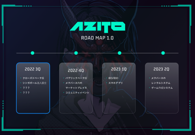 今後、当社は下記のロードマップに従って運営していき、2022年秋頃に「AZITO」による新たなメタバースサービスのリリースではtoB / toCへ一般公開していきます。
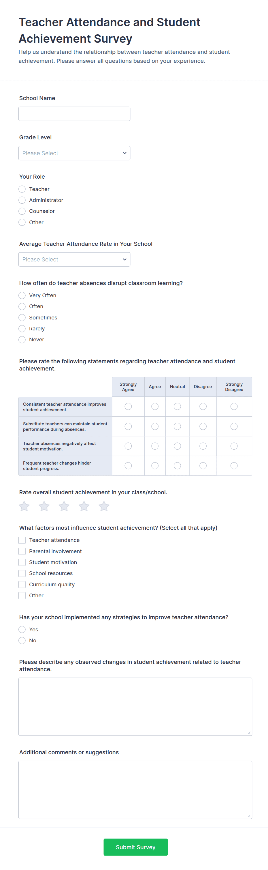 - For teacher or staff surveys: Include self-assessment fields, peer review sections, and narrative response options.
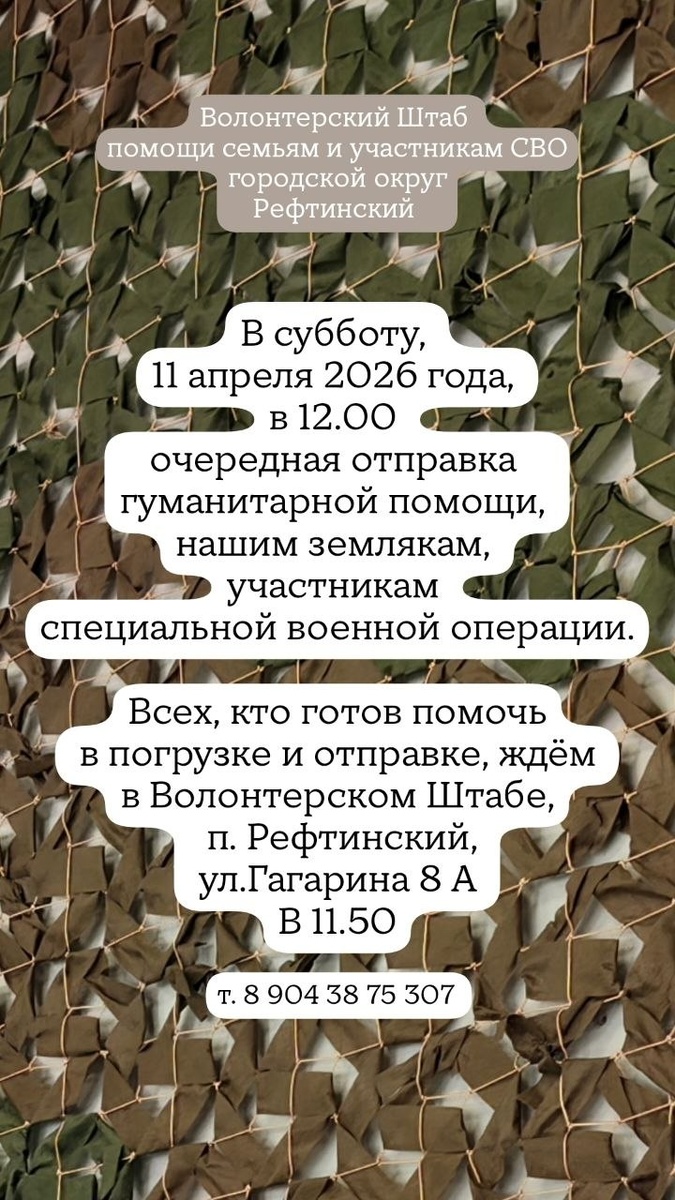89043875307 Елена Евлентьева Принести гуманитарную помощь для участников СВО можно в будние дни с 10.00 до 18.00 в Волонтерский Штаб, го Рефтинский, ул. Гагарина 8 А, или в Центр молодёжи, ул. Юбилейная 3/1 ( в выходные прошу предварительно согласовать с Евлентьевой Е. В. т. 89043875307) #ЦентрМолодёжиРефтинский #МыВместе #Рефтинский #дариДоброРефтинский #СвоихНеБросаем196 #всеДляПобеды #ЕР196
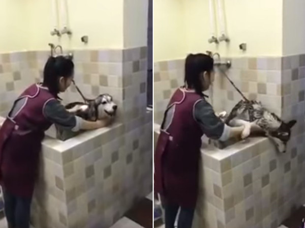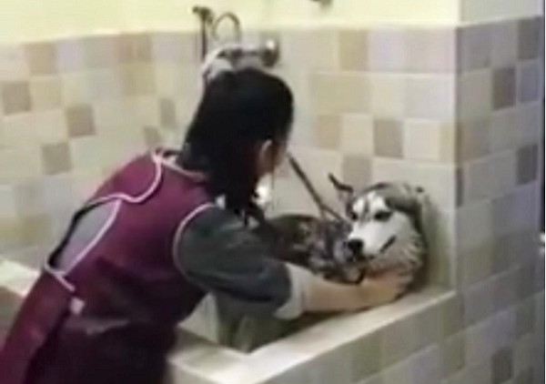 什麼!月月竟然會講話!近日在網路上瘋傳一段10秒短片,一隻哈士奇被帶去寵物店洗澡,但也才剛開始被沖身體,就哀嚎聲不斷,甚至還嚇到想要逃走;重點是牠還不斷碎碎念,網友看完後用12個字去翻譯,結果跟哈士奇說的語調完全吻合,大家笑翻。
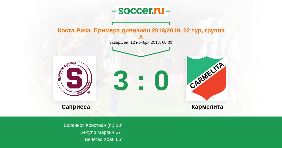 Протокол матча Саприсса против Кармелита
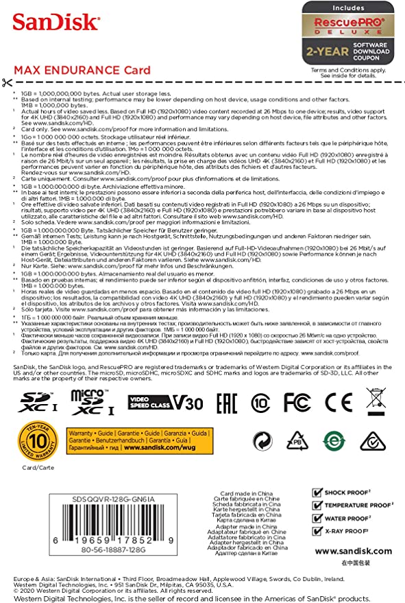 - มาตรฐานความเร็วระดับ Class 10 และความเร็ววิดีโอ U3 และV30 จึงเร็วสำหรับการบันทึกแบบ Full HD หรือ 4K

## DIRECTIONS:
Reproduce exactly and only the lines from the "什麼!月月竟然會講話!近日在" line to the last line of the records above. Do not carry over any pictures.

## SOLUTION BELOW:
 什麼!月月竟然會講話!近日在網路上瘋傳一段10秒短片,一隻哈士奇被帶去寵物店洗澡,但也才剛開始被沖身體,就哀嚎聲不斷,甚至還嚇到想要逃走;重點是牠還不斷碎碎念,網友看完後用12個字去翻譯,結果跟哈士奇說的語調完全吻合,大家笑翻。
 Протокол матча Саприсса против Кармелита
 - มาตรฐานความเร็วระดับ Class 10 และความเร็ววิดีโอ U3 และV30 จึงเร็วสำหรับการบันทึกแบบ Full HD หรือ 4K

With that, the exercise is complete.